The recent foisting of KDEPIM 4.4.5 in OpenSuSe 11.3 upon unsuspecting users is a good example. Kaddressbook is basically unusable - with distribution lists gone, and much of the information in the 4.3 version simply not showing up. Maybe not everyone uses distribution lists when they use Kaddressbook but it's essential for me, and telling me afterward that Kaddressbook is still under development is very disappointing. If a major part of KDEPIM is not ready, DON'T RELEASE IT UNTIL IT IS!
In addition, the dropping of SCPM from OpenSuSe 11.3 is another slap in the face to those of us who use it. Telling users to write arcane scripts to do workarounds is not acceptable. I certainly don't remember anyone asking me if dropping scpm was going to cause problems.
Developers should not assume that because they are volunteers we should all bow down to them in gratitude and not question their decisions, either. Not because we don't appreciate their contributions, but because users of the software should have their needs and desires also taken into consideration.
Fire proof underwear donned.
GUI choiceGUI choice is the same as the type/kind of food/dress style. Even within a style type IE, the KDE 3.5.10/4.XXX (war?). I am one of the KDE 3.5.10 user's. Tryed several KDE 4.x version's but not quite done yet. Maybe when 5 come's out will try that. Will prob be a while longer.
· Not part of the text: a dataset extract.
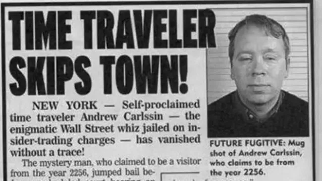 หลังจากที่แอนดรูว์ถูกจับ เขาอ้างว่าได้รับข้อมูลเหล่านี้มาจากอนาคต ซึ่งตัวเขาเองบอกว่า ตัวเองเดินทางมาจากอนาคตในปี ค.ศ. 2256 ด้วยเครื่องไทม์แมชชีน หลังจากนั้นแอนดรูว์ได้รับการประกันตัวโดย “ชายลึกลับ” ด้วยเงินมากถึง 1 ล้านหรียญ (33 ล้านบาท) ก่อนที่เขาจะหายตัวไปอย่างไร้ร่องรอยก่อนวันนัดศาลเพื่อขึ้นพิจารณาคดีเพียงไม่นาน
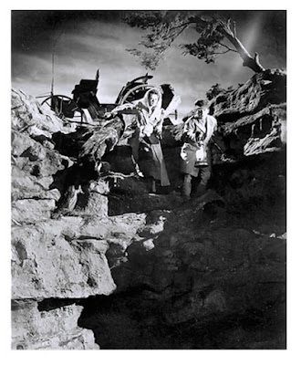 And one of The Undying Monsters smaller flaws is we never really get a good look at the werewolf. The sound design in the opening attack where we didn’t see the beast worked well enough, but the ending chase is marred by some skip-framing that makes it look rather cartoonish. And the only money shot appears to be an optical of some sort; with an apparent stuntman hanging from the rocks while John Howard’s wolfed-out face was shot somewhere else and then superimposed in later. It doesn’t quite jive but adds a little surrealism to it. There’s no one listed for make-up effects but Fred Sersen was in charge of special photographic effects. But making up for this in spades is that fantastic sequence in the lab when the monster’s hair sample disappears -- and my faulty memory had it disappearing due to the full moon going behind a cloud or the sun coming up.

The desktop of choiceThis is a very thoughtful article, but when I think of why I use Kubuntu over Ubuntu it is because my favorite application that I can't live without is Digikam. It is true I can run the app under Gnome, but then updates, libraries, new feature implementations all become troublesome. It is just more convenient to run it under KDE.
I don't think I'm alone in preferring a desktop because of a favorite app or apps.
Its about cost. In the future web apps will all be pay as you go.And that risk of being ripped off is why i dont want to switch to pure web apps.... Its loss of control.....really do you trust oracle, apple or google not to turn around once every one is commitedd not to increase there prices? i dont mind paying for quality, but im not going to be suckered into the software equivilent of a phone contract... I'd hate to loose my data, but thats imaterial if they are legally robing you to use you own stuff.